2. Use EXISTS For Existence

Bad if it multiplies customers by paid orders:

SELECT DISTINCT c.customer_id
FROM customers c
JOIN orders o
	ON o.customer_id = c.customer_id
WHERE o.status = 'paid';

Better:

SELECT c.customer_id
FROM customers c
WHERE EXISTS (
	SELECT 1
	FROM orders o
	WHERE o.customer_id = c.customer_id
		AND o.status = 'paid'
);

3. Replace OR With UNION ALL When Selectivity Differs

Sometimes:

WHERE country = 'US' OR acquisition_channel = 'paid_search'

prevents clean access paths. Consider:

SELECT customer_id
FROM customers
WHERE country = 'US'

UNION

SELECT customer_id
FROM customers
WHERE acquisition_channel = 'paid_search';

Use UNION to deduplicate. Use UNION ALL only when overlap is impossible or duplicates are intended.
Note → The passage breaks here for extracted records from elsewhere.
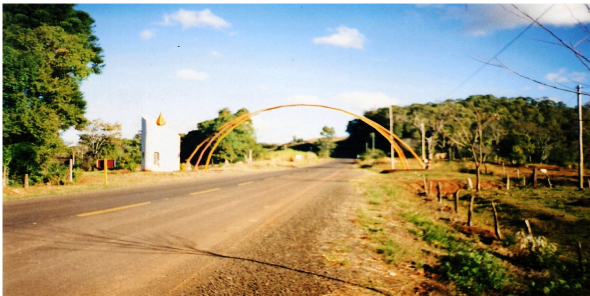
Portal de entrada de Marcelino Ramos

um santuário que exerce a acolhida não se restringindo as informações históricas, mas manifestando a identidade religiosa 72 .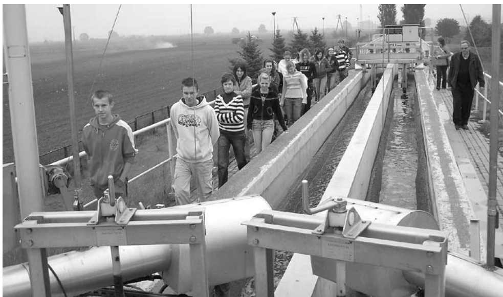
Uczniowie szkół średnich zwiedzają Gminną Oczyszczalnię Ścieków w Chwałkowie i Stację Uzdatniania Wody w Środzie

W dniach 24-28 września br. Gminna Oczyszczalnia Ścieków w Chwałkowie i Stacja Uzdatniania Wody w Środzie gościły uczniów szkół średnich powiatu średzkiego.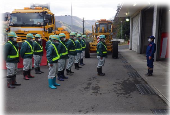
▲ 昨年度除雪機械出動式の様子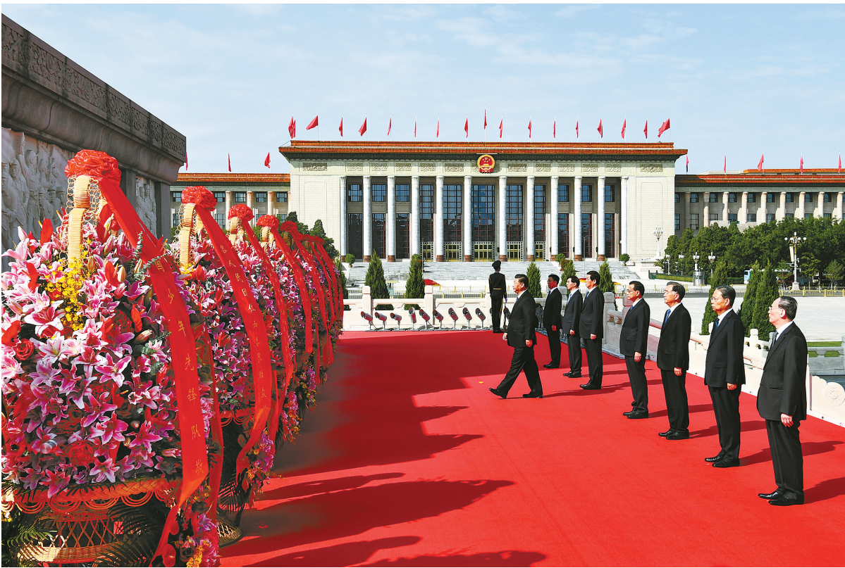
9月30日上午，党和国家领导人习近平、李克强、栗战书、汪洋、王沪宁、赵乐际、韩正、王岐山等来到北京天安门广场，出席烈士纪念日向人民英雄敬献花篮仪式。（新华社发）

中央党政军群有关部门和北京市主要负责同志，各民主党派中央、全国工商联负责人和无党派人士代表，老战士、老同志和烈士亲属代表，国家勋章和国家荣誉称号获得者代表，在京全国抗击新冠肺炎疫情先进个人、先进集体代表，首都各界群众代表等参加了仪式。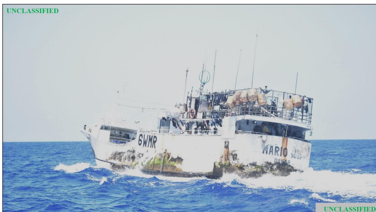
Figure (A). Emplacement du FV OCEAN MARIO N° 11 observé par la garde-côtière des États-Unis lors de la patrouille du 6 mai 2020.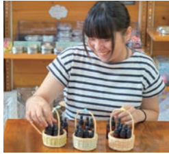
体験・ポタニカル香水作り

4. Move Filters Into The Earliest Safe CTE

WITH recent_paid_orders AS (
	SELECT order_id, customer_id, total_amount
	FROM orders
	WHERE status = 'paid'
		AND order_ts >= TIMESTAMP '2026-01-01 00:00:00'
)
SELECT customer_id, SUM(total_amount) AS revenue
FROM recent_paid_orders
GROUP BY customer_id;

The key word is safe. Do not move a filter across an outer join if it changes preserved rows.

5. Avoid Repeated Full Scans

Bad:

SELECT
	(SELECT COUNT(*) FROM orders WHERE status = 'paid') AS paid_orders,
	(SELECT COUNT(*) FROM orders WHERE status = 'cancelled') AS cancelled_orders;

Better:

SELECT
	SUM(CASE WHEN status = 'paid' THEN 1 ELSE 0 END) AS paid_orders,
	SUM(CASE WHEN status = 'cancelled' THEN 1 ELSE 0 END) AS cancelled_orders
FROM orders;

6. Use Window Filtering Instead Of Self-Joins

Find latest order per customer.

WITH ranked AS (
	SELECT
		o.*,
		ROW_NUMBER() OVER (
			PARTITION BY customer_id
			ORDER BY order_ts DESC, order_id DESC
		) AS rn
	FROM orders o
)
SELECT *
FROM ranked
WHERE rn = 1;

This is usually clearer than a self-join on max timestamp, and it handles ties explicitly.

7. Materialize Expensive Reused Intermediates

If many downstream queries recompute daily user activity, make it a modeled table:

daily_user_activity(user_id, activity_date, event_count, first_event_ts, last_event_ts)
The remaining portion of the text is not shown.